The third study, led by the Broad Institute of MIT and Harvard University, analyzes 210,000 cells with the aim of identifying genes that cause disease. Also using machine-learning algorithms, they were able to associate the cells in the atlas with 6,000 monogenic diseases (caused by a single gene) and more complex genetic diseases, which will allow progress in the study of these diseases.

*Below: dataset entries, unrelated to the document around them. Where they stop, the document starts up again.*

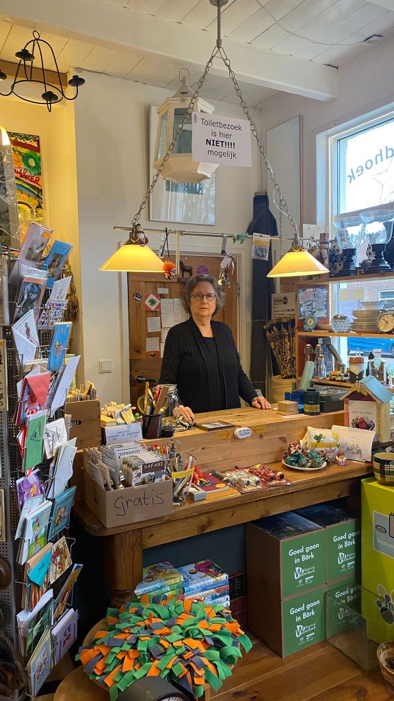 De fooienpot en opbrengsten van de inbreng van recyclebare producten vinden altijd een weg naar goede doelen zoals Stichting Hulphond of Stichting Hertenkamp Westerbork. Irma’s hart voor dieren is enorm en toen ik vroeg waarom ze structureel een bijdrage geeft aan het hertenkamp was haar antwoord: “omdat ik eigenlijk het liefst zelf ook een vrijwillige verzorger was geweest”. Iedere dag loopt Irma met haar rollator voorafgaande de opening en na de sluiting van de winkel met haar drie hondjes over het verharde pad langs het hertenkamp. We zijn het met elkaar eens dat het mooi zou zijn als dit pad een “rondje om het hertenkamp” kan worden…Door fibromyalgie, artrose en vestibulaire migraine is Irma misschien tot veel dingen niet in staat. Mede hierdoor kan het zijn dat de winkel een enkele keer onverwachts niet geopend is. Dit probeert zij altijd via haar facebookpagina te communiceren. Ze mag trots zijn op alles dat ze wél mogelijk heeft gemaakt.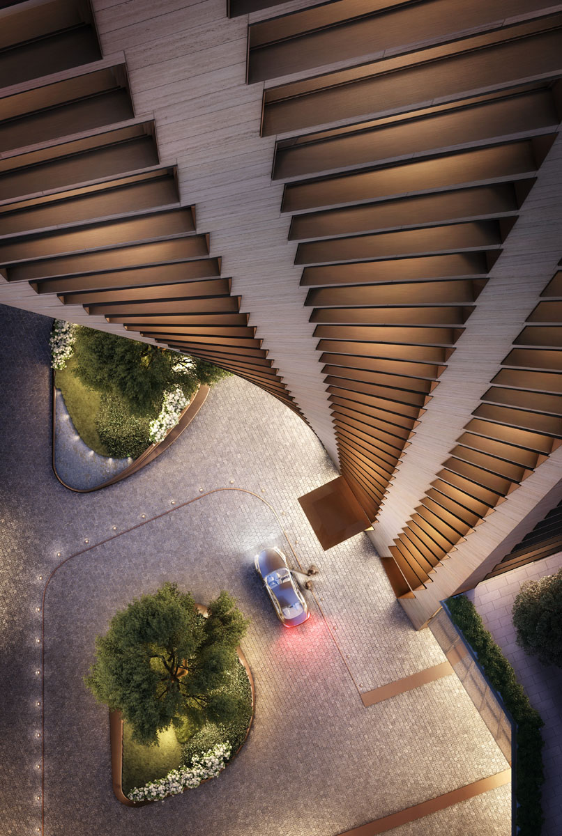 As the renderings of the project show, the unitized system is met with an aluminum metal composite panel enclosure with the same bronze finish as the curtain wall. Due to the complexity of the facade, all elements were custom engineered and fabricated.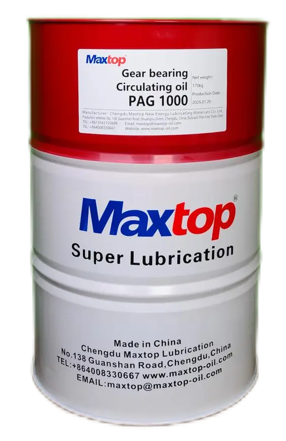 Maxtop gear bearing circulating oil (PAG type) is made of polyalkylene glycol synthetic oil as base oil, and added with extreme pressure, anti-wear, antioxidant and other additives. Gear bearing circulating oil is a highly efficient lubricating oil designed for closed cycle lubrication scenarios such as gear box and bearing system. The core function is continuous lubrication, heat dissipation and cooling, anti-wear and prolong equipment life. It can cover key parts such as gear meshing surface and bearing raceway through the circulation system to ensure stable operation of equipment under harsh conditions such as high speed, heavy load and high temperature.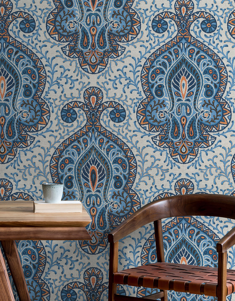 Nepalese theme reaches new heights of design with a bold sense and exotic colors. Pattern is 36" wide after trim by installer. A beautiful patterned wallpaper in our Cabinet of Curiosities by Paul Montgomery collection
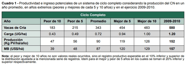 Como se aprecia en el Cuadro 1, el soporte de carga del CN varía desde mínimos de 0.43 hasta valores de 1 UG/ha. De igual forma, la productividad se multiplica por dos veces y media, entre el peor y el mejor de 10 años, mientras el margen bruto se triplica. En el caso del período 2009-2010, la productividad asciende a valores comparables a los obtenidos en praderas cultivadas o mejoramientos de campo de alta productividad, con un margen bruto igualmente elevado.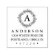 Elegante, carimbo de endereço de ida e volta de férias com seu monograma inicial de solteiro cercado por uma coroa de folhagem e bagas de inverno. Personalize o carimbo de feriado personalizado adicionando seu sobrenome, endereço e código postal. Perfeito para usar nos envelopes de férias, cartões de saudação e convites.
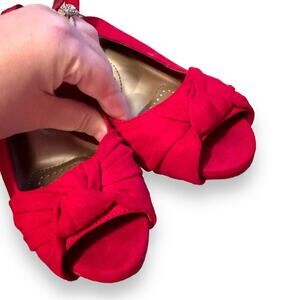 Dexflex Comfort Carmine Red Faux Suede Open toe Slingback Pumps Heels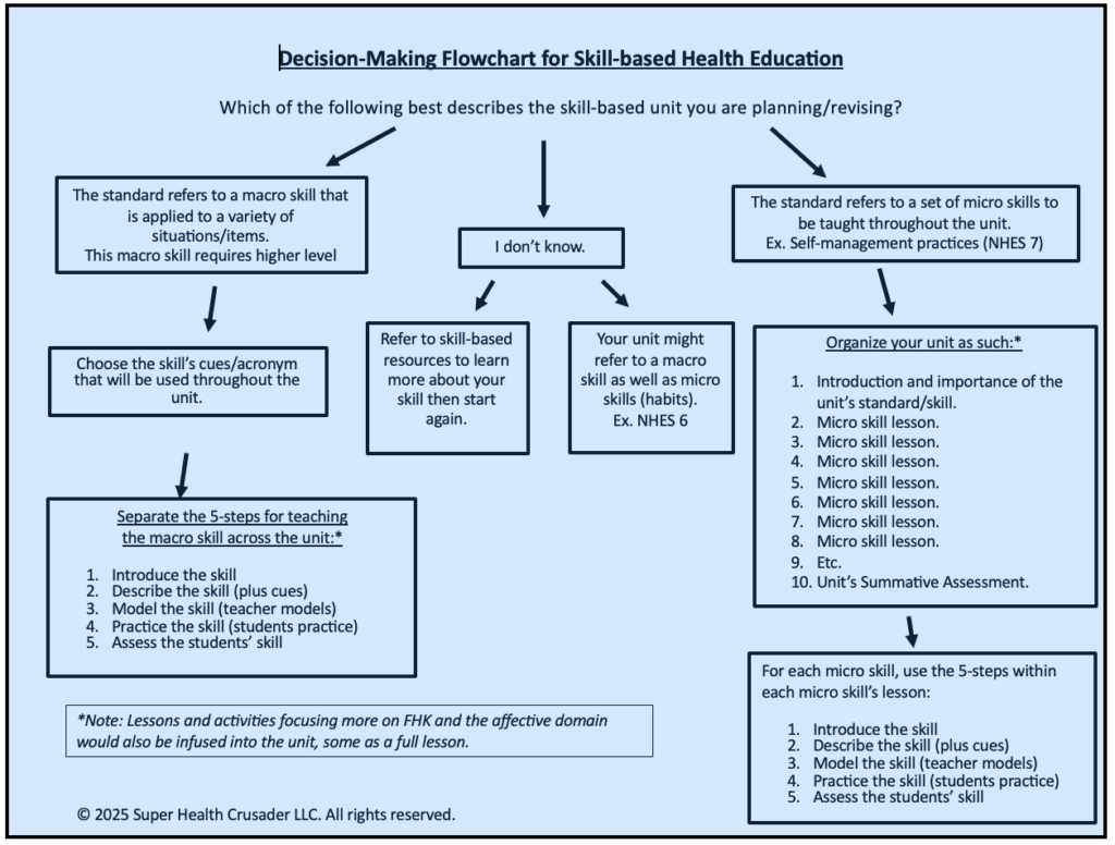 Therefore, she created the Decision-Making Flowchart for Skill-based Health Education to help current and future health educators plan, instruct, and assess PreK-12 School Health Education: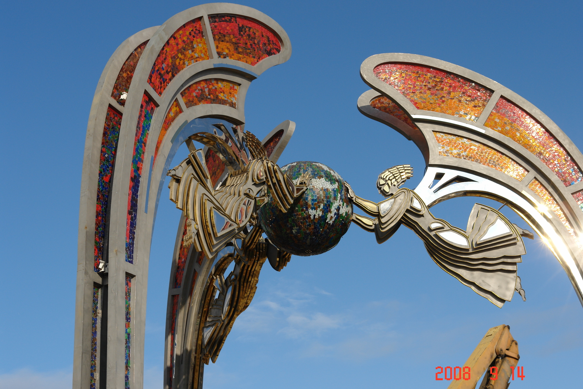 Фонтан "Земля" создан и установлен в г. Салехард перед зданием Правительства ЯНАО специалистами Творческого объединения "Екатеринбургский художественный фонд". Первое авторское название фонтана "Ангелы": они то ли берегут Землю, то ли играют ею. Название не было утверждено властными структурами. Навершие фонтана создано из нержавеющей стали и стеклополимерного композита - всепогодного витража, который выпускал Екатеринбургский художественный фонд в 2002 - 2008 г.г.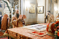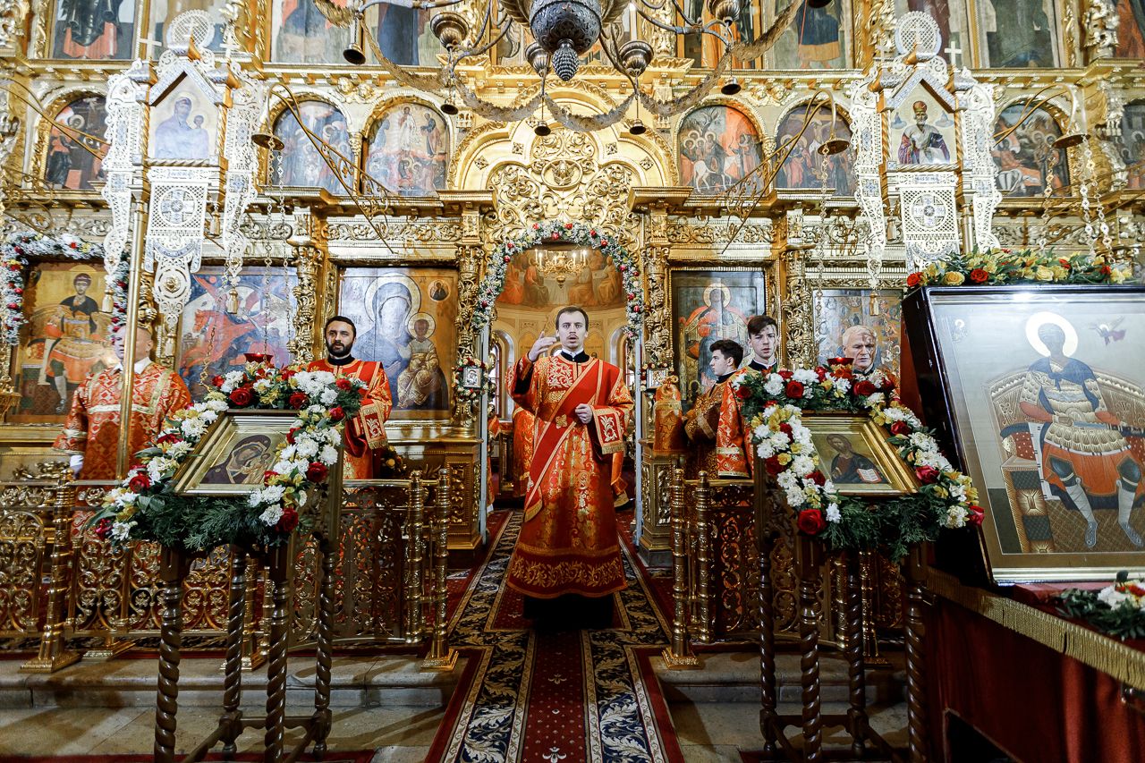 По окончании богослужения епископ Кирилл и сослужащее духовенство совершили славление великомученику Димитрию Солунскому.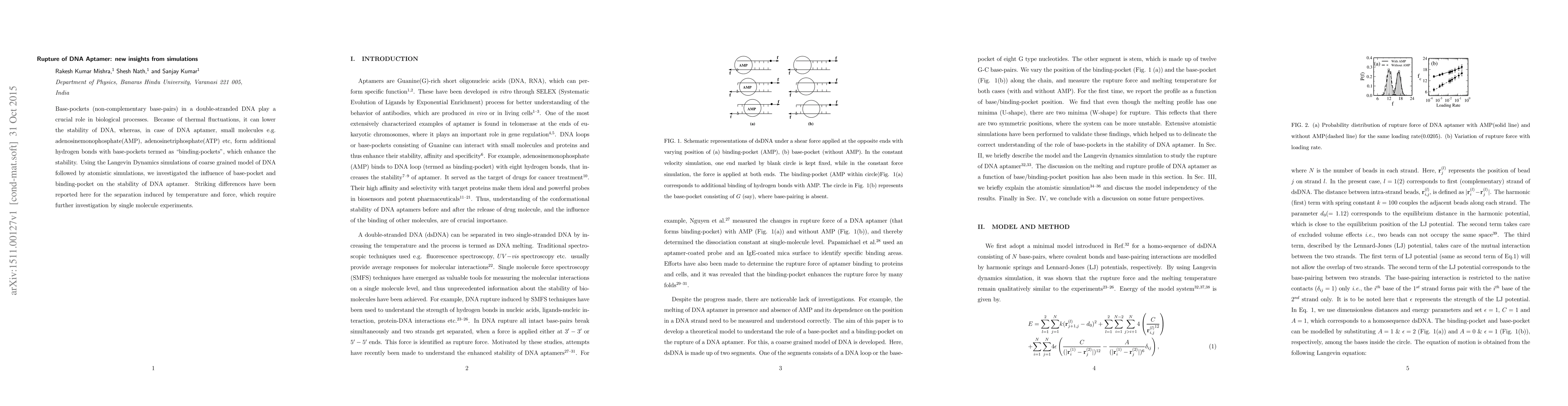 This study uses Langevin Dynamics and atomistic simulations to explore how base-pockets and binding-pockets in DNA aptamers affect their stability. It reveals significant differences in stability changes under temperature and force, suggesting potential for further investigation via single molecule experiments.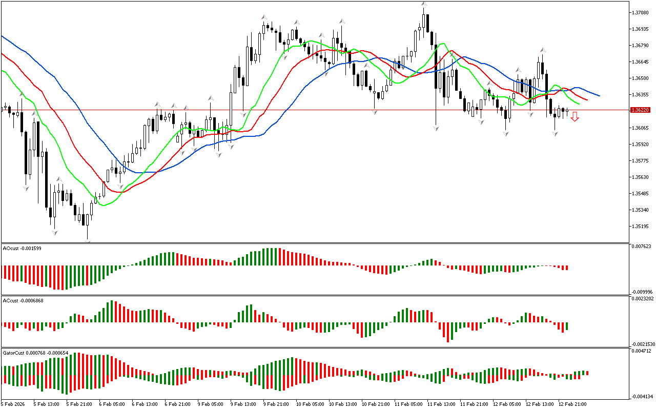 Warna histogram indikator Gator berubah, jadi indikator ini belum membentuk sinyal yang jelas.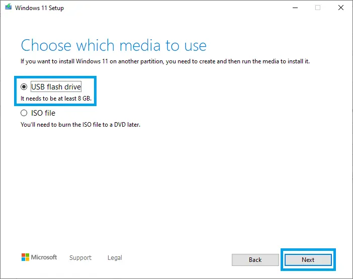 4. When prompted to choose which media to use, we are going to select USB flash drive and hit Next. If you wanted to download an *.ISO copy of the installers to burn on a DVD, you could choose the ISO file option here, but for this demo we are looking at USB creation.
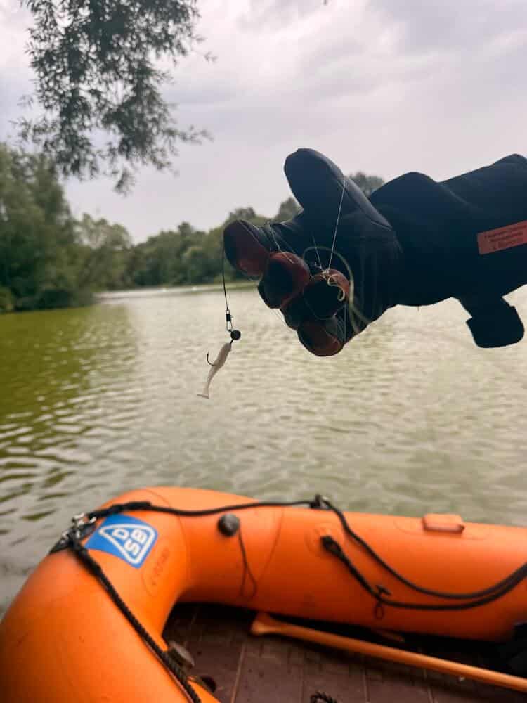 Unverzüglich machten sich Einsatzkräfte des Löschzugs Mitte mit dem Rüstwagen auf den Weg zum See. Am Einsatzort angekommen, fanden sie das Jungtier, das sie mit einem Schlauchboot erreichten, in einer bedrängten Lage: Hals, Körper und Beine des Vogels waren fast vollständig von der Angelschnur umwickelt. Sie schnitten das Küken vorsichtig frei und verbrachten es an das Ufer, wo sie anschließend alle Schnüre an seinem Körper entfernten.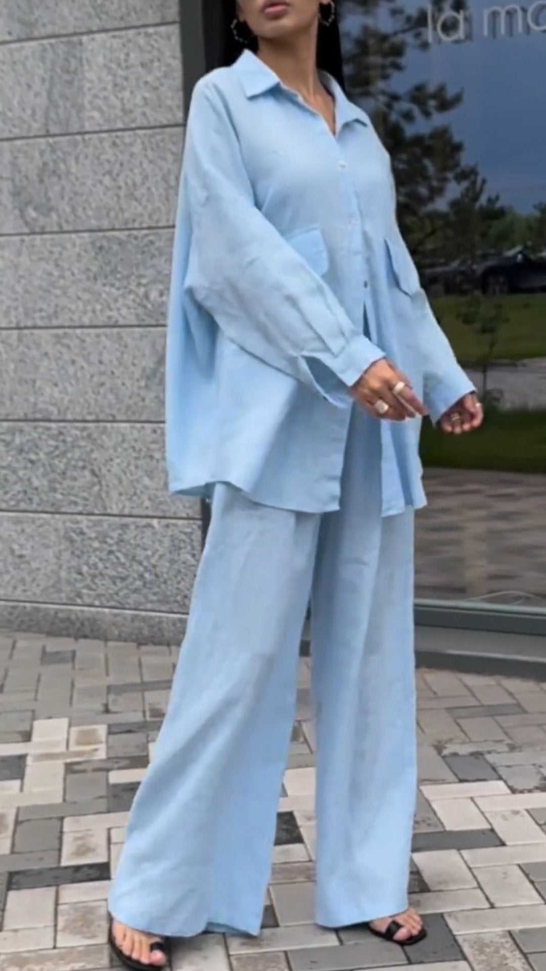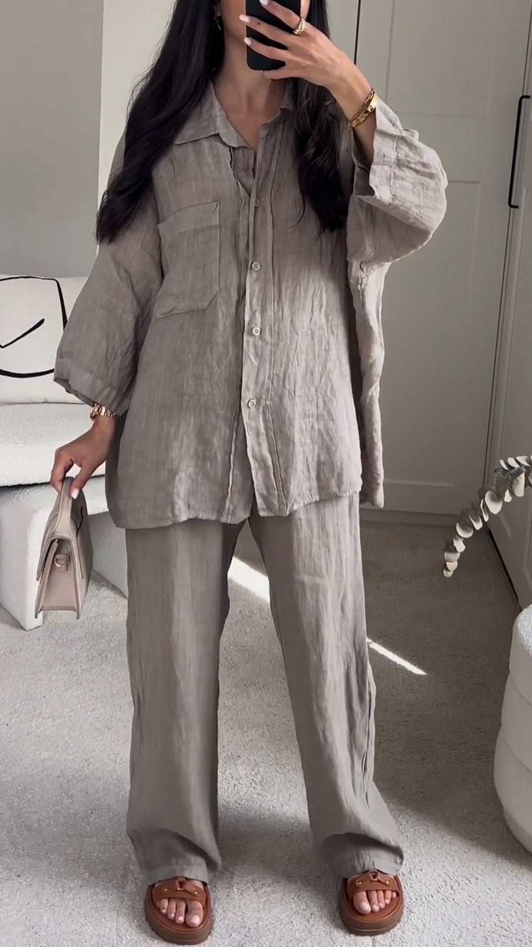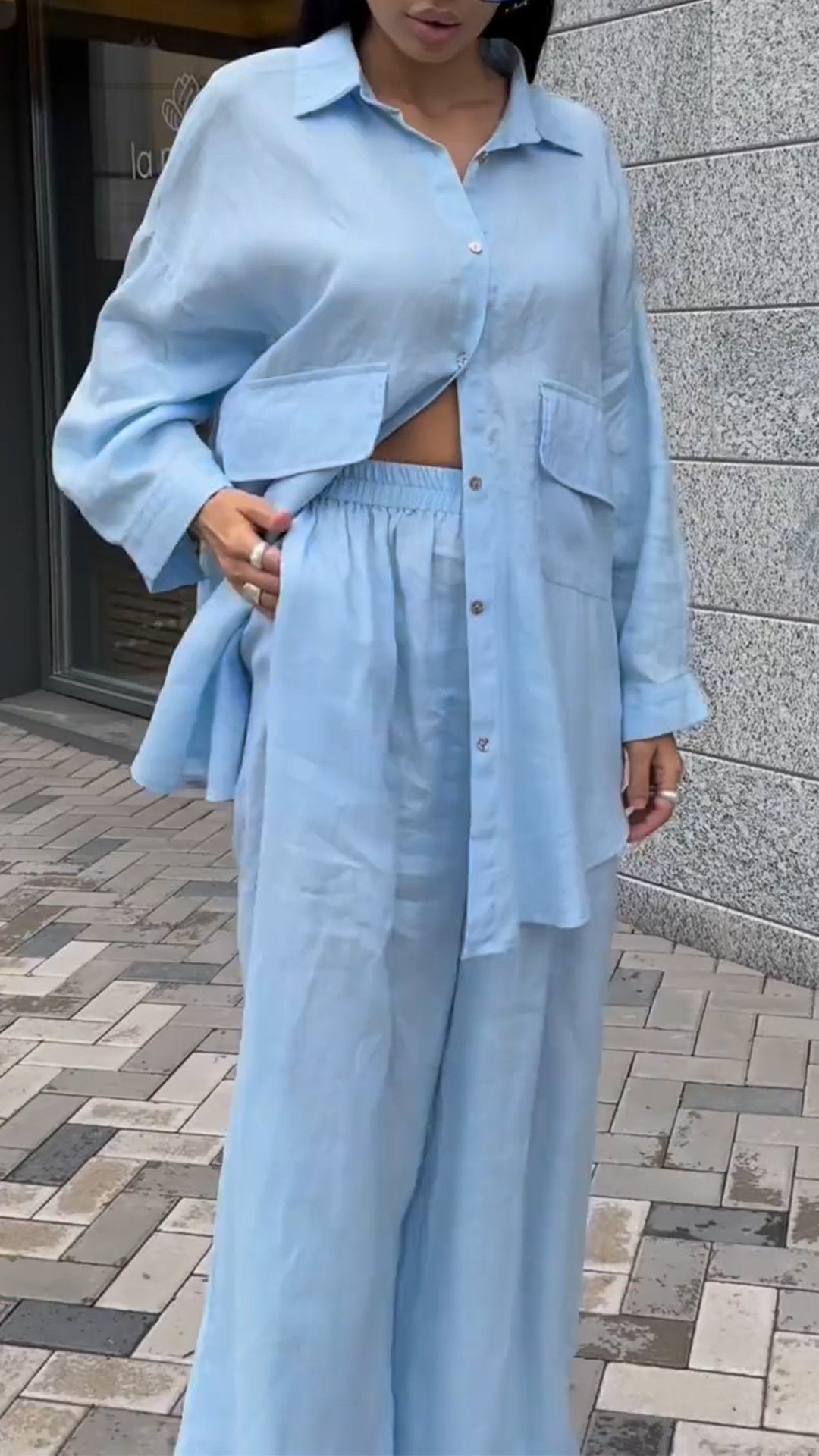 Women's Linen Back Cut-Out Shirt And Trousers Two-Piece Set

Aviv Regev, a researcher at the Broad Institute and co-author of this study, explained at a press conference that they have found that a type of cell that is not muscle is, for example, involved in muscular dystrophy. “There is a mutation in genes that are not expressed by muscle cells and that affects other cells that are in the muscles, critical for muscle function and that can cause dystrophy,” Regev points out.
Finally, in the fourth cell atlas, Tabula Sapiens, a team made up of more than 160 experts manages to map gene expression in almost half a million living cells from 24 tissues and organs. They offer the molecular definition of more than 400 cell types. Among other findings, they have seen that a protein called CD47, which is involved both in cancer and in the accumulation of plaques in the walls of the arteries, differs greatly between cells. That discovery could make it easier to design more targeted drugs with fewer side effects.